Depuis le montage alterné sur les accouchements, superbe scène d’introduction du film, jusqu’aux couleurs Vertigo-hitchcockiennes – le rouge de la passion du présent, le vert du ressentiment du passé – c’est tout un pays duel, une Espagne fracturée qu’il met en scène. Comme toujours chez Almodovar, chaque protagoniste est hanté par une double identité entre lumières et ombres, double identité qui s’étend ici à tout un territoire, schizophrène dans sa reconnaissance du passé. Certes, le récit manque parfois de rythme et développement, et parait parfois invraisemblable. Mais il délivre toujours de déchirantes fulgurances dans ses portraits de femmes – soutenues avec délicatesse par le piano et cordes de la bande originale d’Alberto Iglesias.


On a échangé nos mamans



C’est un véritable thriller sur la maternité et la recherche des origines que livre Almodovar. Un thriller mélodramatique souvent, cruel parfois, mais toujours féministe. Dans ce récit où les géniteurs sont au mieux absents, au pire criminels, la quête de la justice est uniquement portée par les femmes. Cette quête est souvent douloureuse : après ADN et Julie en 12 chapitres sortis cette année, Madres Paralelas aime aussi gratouiller les orifices, pour décrypter le mystère de la naissance au moyen de la génétique.

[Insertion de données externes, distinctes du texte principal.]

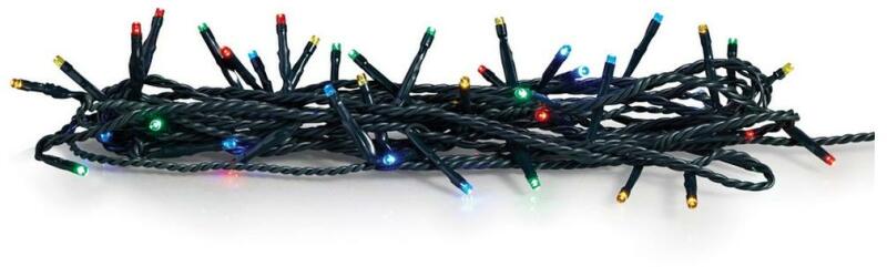 LED karácsonyi fénylánc 80 színes lámpával. Kültéri használatra (IP44). Lánc hossza: 8 m. Kábelhossz: 5 m. Transzformátor a csomagban - 24V.
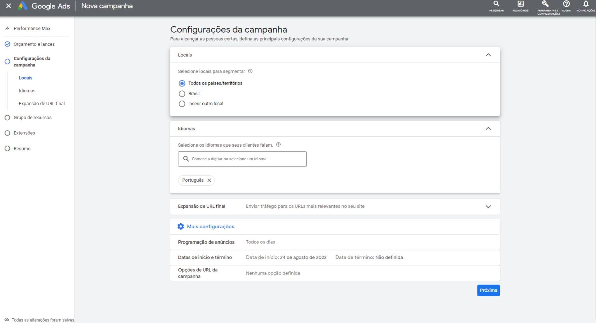 Após definir o orçamento e os lances, a próxima etapa consiste em configurar os locais e idiomas no qual a campanha deverá ser veiculada.
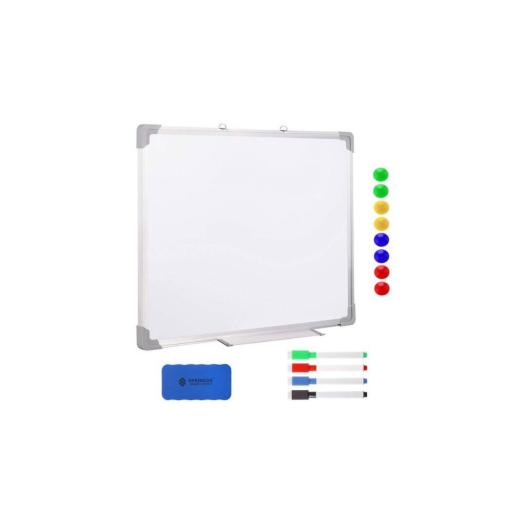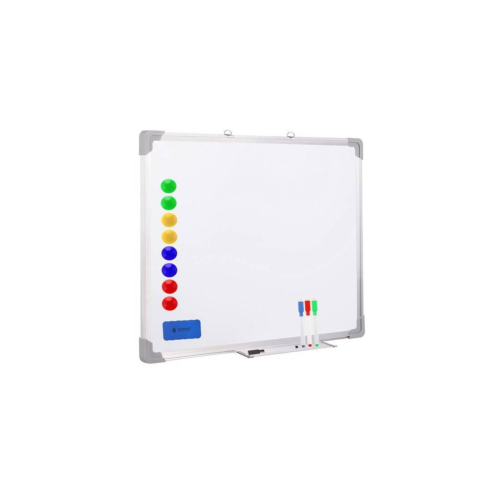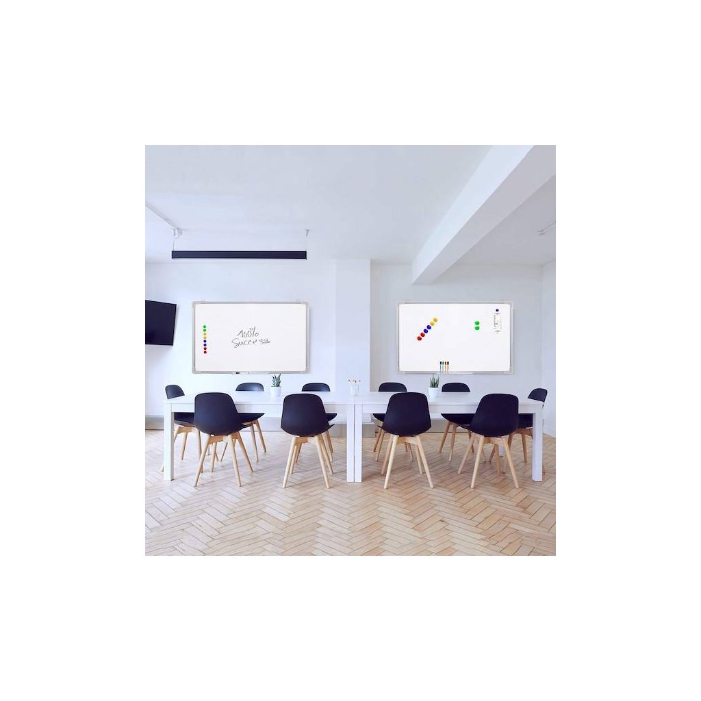 Magnetická tabuľa stierateľná za sucha je moderná forma tabúľ, aby ste na ne mohli písať bez použitia špinavej kriedy. Biely magnetický povrch umožňuje písať naň fixkami , ktoré je možné utrieť do sucha, ako aj umiestňovať naň poznámky alebo plány hodín pomocou magnetov. V záujme bezpečnosti dospelých aj detí je doska vybavená plastovou ochranou v rohoch . Nastaviteľné umiestnenie háčikov je ideálne pre jeho správnu montáž na stenu . Pri prezentovaní alebo písaní vlastných poznámok sa oplatí mať so sebou fixky a špongiu, preto je naša tabuľa vybavená spodnou policou s potrebným príslušenstvom . Fixky a špongiu je možné si dokúpiť samostatne, nie sú súčasťou balenia!
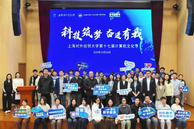 10月24日中午,“科技筑梦,奋进有我” 上海对外经贸大学第十七届计算机文化节开幕式在思源报告厅举行。统计与信息学院党委书记黄静、校教务处副处长王磊、校创业学院副院长高伟、校团委副书记卢毅聪、院党委副书记范鸣、副院长李睿、王利娟以及全校350名师生代表共同参加开幕式。
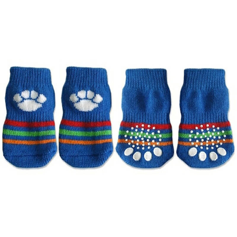 Blue with White Paw Doggy SocksFeatures non-skid pads. Double cinching for secure fit. Keep your dogs paws warm in cold weather. Skid free pads help prevent sliding on slippery surfaces. Can be used for in-between shoe or boot sizes to provide a better fit
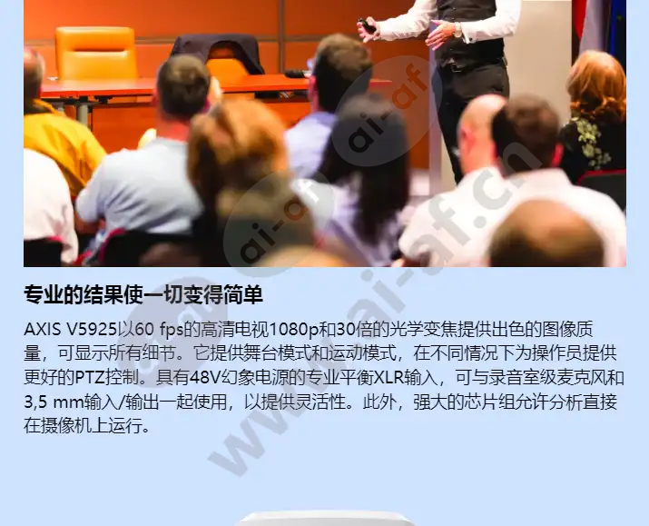 广播级高清电视1080p PTZ摄像机 AXIS V5925 PTZ网络摄像机 具有XLR输入的录音棚级音频 支持IP的VISCA和VISCA 包括Camstreamer 3个月试用版 3G-SDI和HDMI输出 AXIS V5925非常适合用于礼堂,教室,室内运动赛事和礼拜场所,可提供出色的视频质量和演播室级音频,用于专业广播和实时流媒体。 专业的结果使一切变得简单 AXIS V5925以60 fps的高清电视1080p和30倍的光学变焦提供出色的图像质量,可显示所有细节。它提供舞台模式和运动模式,在不同情况下为操作员提供更好的PTZ控制。具有48V幻象电源的专业平衡XLR输入,可与录音室级麦克风和3,5 mm输入/输出一起使用,以提供灵活性。此外,强大的芯片组允许分析直接在摄像机上运行。 兼容性强 这款用途广泛的 PTZ 摄像机包括 HDMI 和 3G-SDI 输出,可让您连接到大多数专业视频切换器。借助基于 VISCA RS-232 的控制系统,摄像机可轻松与您现有的 AV 安装集成。此外,VISCA over IP 允许通过 LAN 连接远程控制多台摄像机。此外,对于简单或移动安装,随附的 3 个月 Camstreamer 试用许可证可让您通过 IP 网络直接从摄像机向 YouTube 和 Facebook Live 等流媒体平台进行直播。您还可以使用任何主要 视频管理 软件或者直接通过网络浏览器连接。 较低的带宽和增强的安全性 AXIS V5925 具有 Axis Zipstream 采用 H.264 和 H.265 技术保留所有重要细节,同时显着降低带宽和存储要求。它包含高级安全功能,可防止未经授权的访问并保护您的系统。签名固件和 安全启动 保证固件没有被破坏,并确保只安装授权固件。如果需要,安全启动可确保摄像机在出厂默认设置后完全没有恶意软件。 订购部件编号
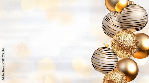 Fototapeta premium Gold And White Christmas Ornaments On Bokeh Background
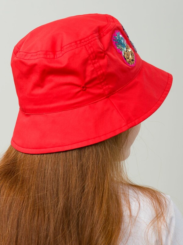 Панама для девочек. Нашивка ананас из разноцветных пайеток и нашивка из двусторонних переворачивающихся пайеток. Перевод Сиять.
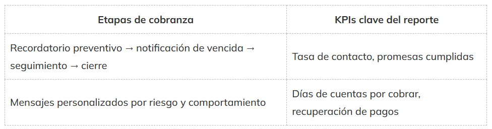 Mensaje preventivo: “Hola [Nombre], tu factura [#] vence el [fecha]. Para realizar el pago, revisa estas opciones de pago: [link]. Gracias por tu preferencia.” Aviso de vencimiento: “Hola [Nombre], registramos deuda pendiente por [monto]. Realiza el pago aquí: [link]. Si ya pagaste, ignora este mensaje.” Seguimiento cordial: “Hola [Nombre], estamos disponibles para apoyar el proceso de pago. ¿Necesitas otra opción? Responde este mensaje.” Tono respetuoso + personalización elevan la eficacia y cuidan la relación.
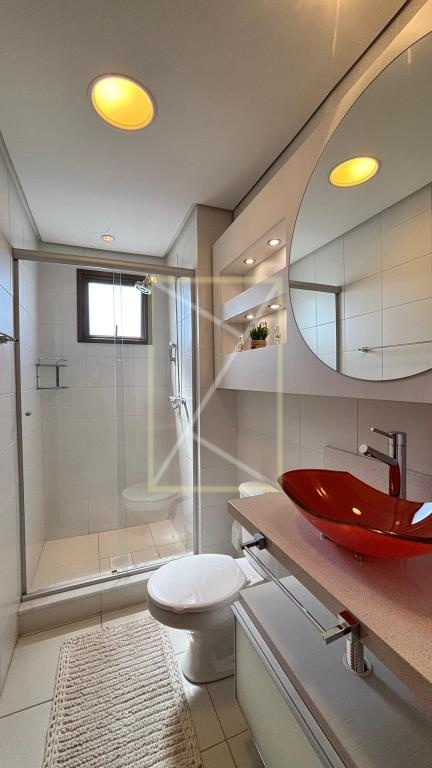 Imóvel mobiliado com 02 dormitórios, sendo um suíte, cozinha integrada com churrasqueira, sala dois ambientes, área de serviço independente, sacada fechada, banheiro social, vidros duplos, ar condicionado e 02 vagas individuais de garagem.
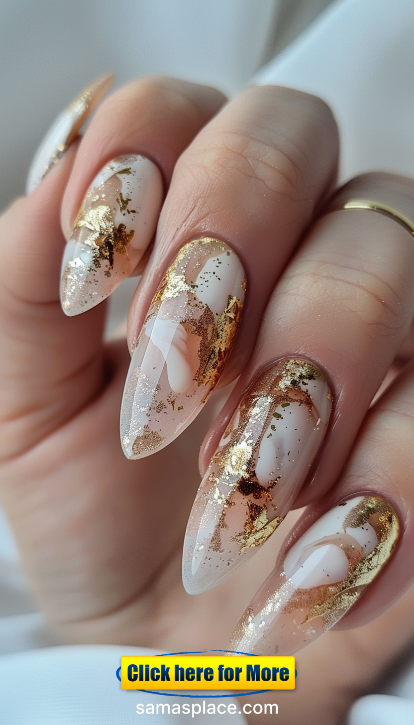 While gold details look stunning on every nail length and shape, certain styles amplify their elegance. Almond-shaped nails, with their elongated and tapered tip, are a classic canvas for delicate gold linework or foil. They offer just enough space for artistic detailing without feeling too flashy.
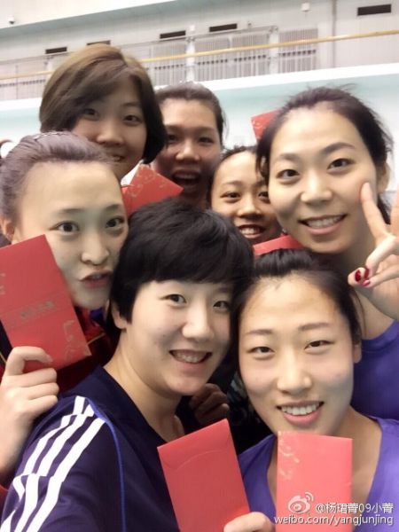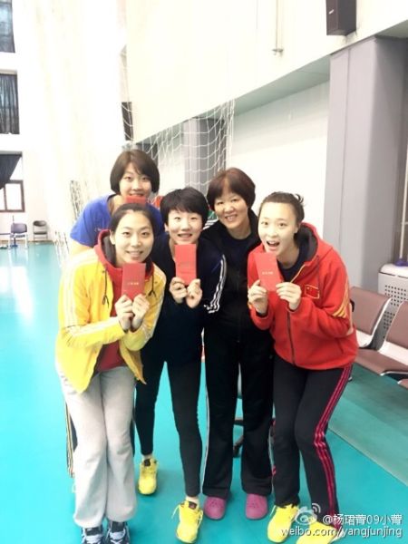 朱婷回家要火车转汽车,车程需要八、九个小时,因此被特批今天上午不练提前离队,曾春蕾也因为有重要任务提前离队。余下19人在欢快的气氛中完成了今天上午的身体训练,包括郎导和姑娘们全体女排将士都拿到了队里派发的新年红包,带着祝福和喜悦收拾行囊回家。姑娘们喜气洋洋地合影留念,展示了自己的“大红包”。大部分队员选择回家与父母团聚,也有球员的父母来北京与女儿共度春节。

Cette vérité génétique qui sort d’un ordinateur et révèle impitoyablement le nom de la mère biologique, est filmé comme l’on filmerait le viol d’un engagement sacré ; presque comme si le test de maternité venait prouver, sacrilège, que Jésus n’était pas fils de la Vierge Marie. Chez Almodovar, la mère est avant tout celle qui élève, celle qui aime, et non pas celle qui détient le bon test de maternité comme l’on détiendrait le numéro de loterie gagnant. Sa vérité est libératrice, courageuse et sans filet : elle ressemble à un coming out, pour une Espagne qui laisse ses cadavres dans les placards.

Ces Almodovariations pourront sembler trop démonstratives à certains, trop mélodramatiques, mais ce déterrage des morts et des secrets de famille, fait de Madres Paralelas un récit puissamment cathartique pour l’Espagne, dont on comprend mieux les turbulences mémorielles et les ressentiments toujours à vif des populations. Si ces femmes au bord de la guerre civile parviennent à se réconcilier autour de leur passé, alors on se prend à espérer que, peut-être, les hommes pourront suivre leur exemple.